Remember, this is just mathematics, things just follow from the definitions, sometimes by a clever trick but not usually in questions like this.

Yes there is still soem work for you to do here, but you need to indicate how you're trying to solve them, so start with these hints and tell us how far you get.

 

[Gokul43201]

1. What contributes a '0' to the decimal representation of a product of numbers ? Think about 5s and 2s. Also think about what is the highest power,k, of a prime number, p < n, such that p^k divides n! Try some examples and you'll find a pattern...

 

[1+1=1]

woooo, it is by these people on this great site that is making me understand this theory stuff! God love you all!

 

[MathematicalPhysicist]

1. What contributes a '0' to the decimal representation of a product of numbers ? Think about 5s and 2s. Also think about what is the highest power,k, of a prime number, p < n, such that p^k divides n! Try some examples and you'll find a pattern...

perhaps there are 189 zeros?

 

[1+1=1]

matt, by setting it up like this, do i solve for the p b/c that is what i am looking for right? do i'd have 4p+1=x**2. = 4p=x^2-1 and then divide by 4, thus, p=x^2-1/4. pick an x and show that it is prime? reply and let me nkow if this is right.

i'm sorry gokul, i just cannot find a pattern here yet... i can see how i.e. p=11 but that is all i can come up with.. I'm sorry if I'm not seeing it yet plese maybe a little more insight??

 

[matt grime]

Please don't divide like that. Use divisibilty. Since 4p=(x+1)(x-1) and prime factorizations are unique in Z then one of the following cases must hold: x+1 is one of 1,2,4,p,2p or 4p, and x-1 the other factor. Which of those systems gives of equations is solvable in Z with p prime?

 

[Gokul43201]

How many multiples of 5 among [1,1100] ? Clearly, this is = floor(1100/5) = 220.

But then, every multiple of 25 gives you and extra factor of 5 not counted above. There are floor(1100/25)=44 such 5s.

Similarly there are floor(1100/125) = 8 additional factors of 5 from multiples of 125.

And finally, there is 625, which gives you another extra 5.

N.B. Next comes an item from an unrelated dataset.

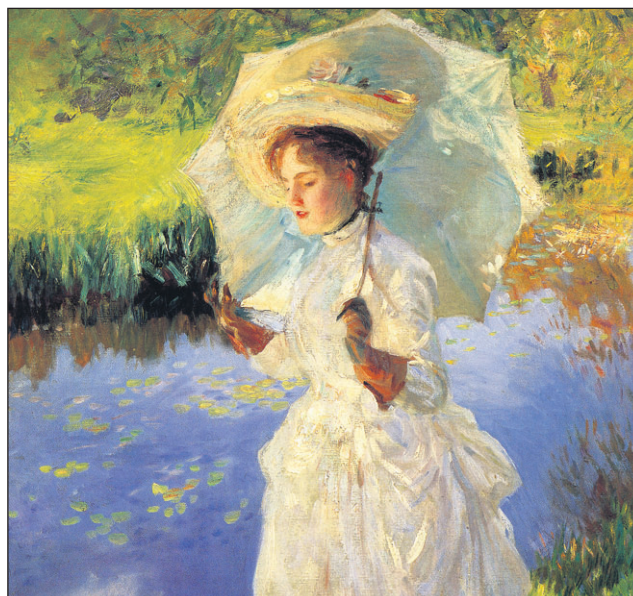
Morning Walk, John Singer Sargent, 1888. Colección privada. 421

Terra Foundation, copatrocinadora la exposición con Art Museum. (Pág. 7)

So the higest power of 5 in 1100! is 220+44+8+1=273 {which is just = floor(1100/5) + floor(1100/5^2) + floor(1100/5^3) + floor (1100/5^4) }

Similarly, you can find the highest power of 2 in 1100! The lower of these two numbers gives you the highest power of 10 in 1100!, which is the number of zeros.

 

[Gokul43201]

Loop Quantum Gravity,

One of us is wrong. I think I'm right.